**Dataset section:**
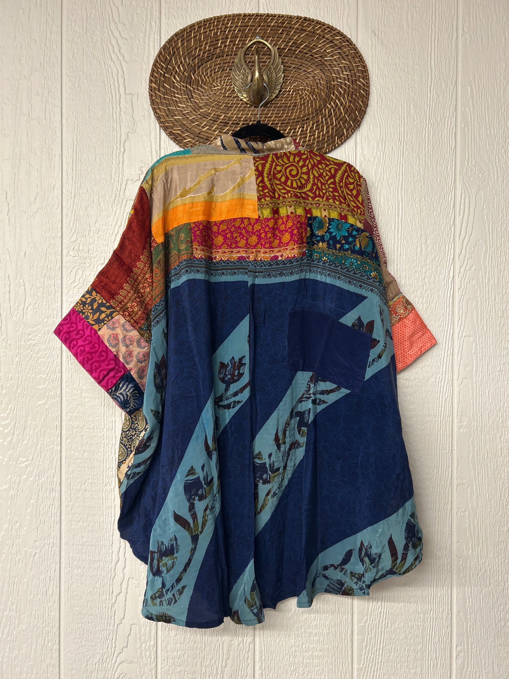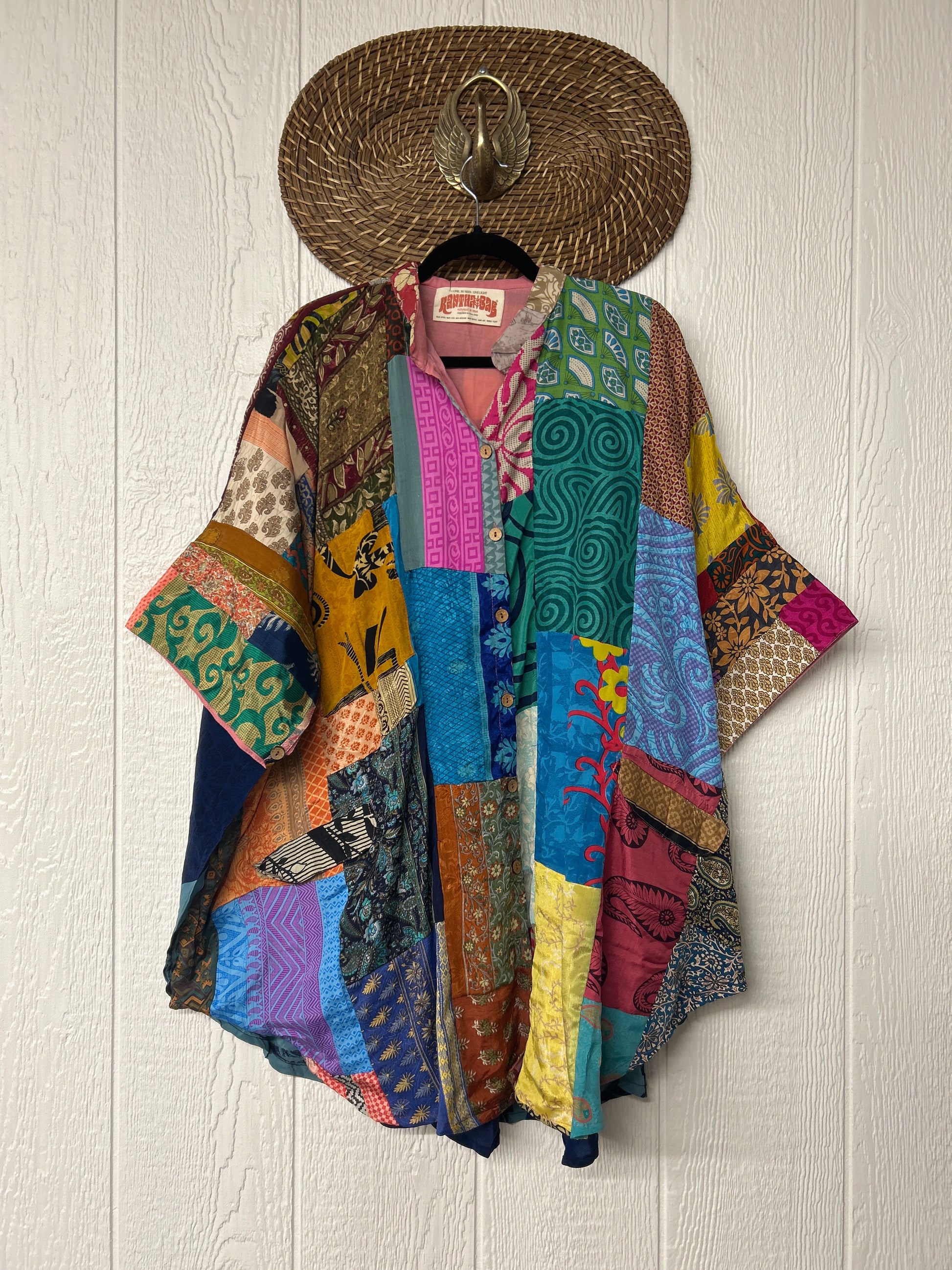 Made from hand-stitched patchwork vintage crepe sari, this billowy dream is fully lined in the front with cotton sari. Features a crepe panel in the back, functional buttons, two slouchy pockets in the front, and a curved bottom.
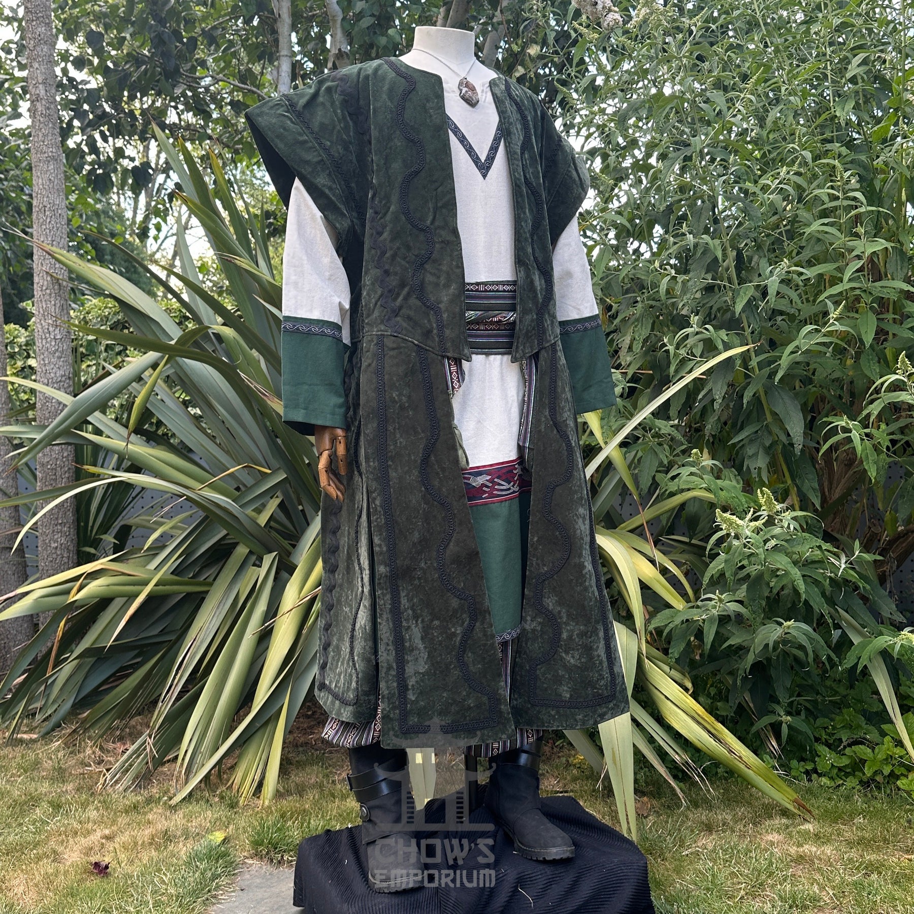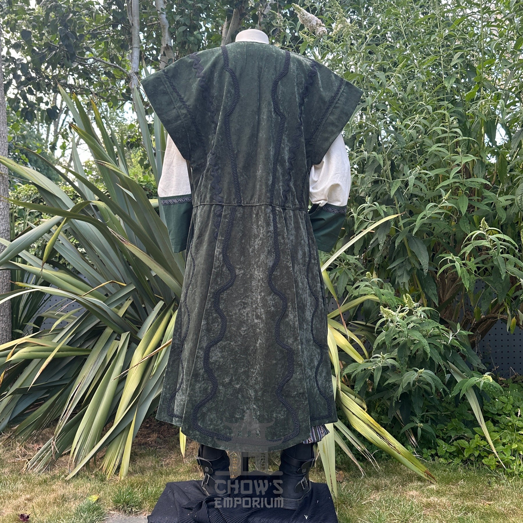 Suede Effect Panel Waistcoat – Striking waistcoat with panelled suede-effect fabric, flowing panels, and ornate braiding for dynamic movement and a dramatic silhouette. Broad shoulders and wide armholes allow layering over tunics or under armor.
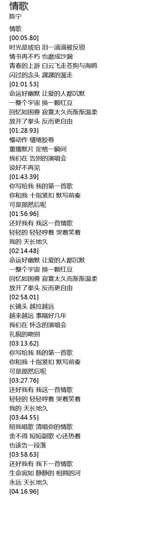 | [01:57.33] | 还好我有 我这一首情歌 |
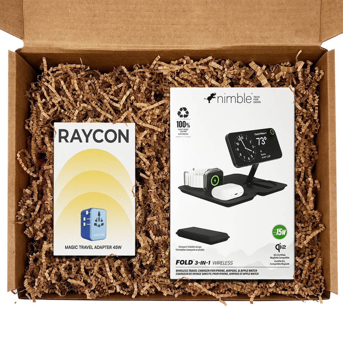 Time to fly! This gift set includes the Raycon Magic Travel Adapter and Nimble FOLD 3-in-1 Wireless Charger for those jet setters to be powered up and prepared no matter where their travels take them.

**What to work on:**
The job here is to retype the data exactly, with no pictures included.

**Your solution:**
 Made from hand-stitched patchwork vintage crepe sari, this billowy dream is fully lined in the front with cotton sari. Features a crepe panel in the back, functional buttons, two slouchy pockets in the front, and a curved bottom.
 Suede Effect Panel Waistcoat – Striking waistcoat with panelled suede-effect fabric, flowing panels, and ornate braiding for dynamic movement and a dramatic silhouette. Broad shoulders and wide armholes allow layering over tunics or under armor.
 | [01:57.33] | 还好我有 我这一首情歌 |
 Time to fly! This gift set includes the Raycon Magic Travel Adapter and Nimble FOLD 3-in-1 Wireless Charger for those jet setters to be powered up and prepared no matter where their travels take them.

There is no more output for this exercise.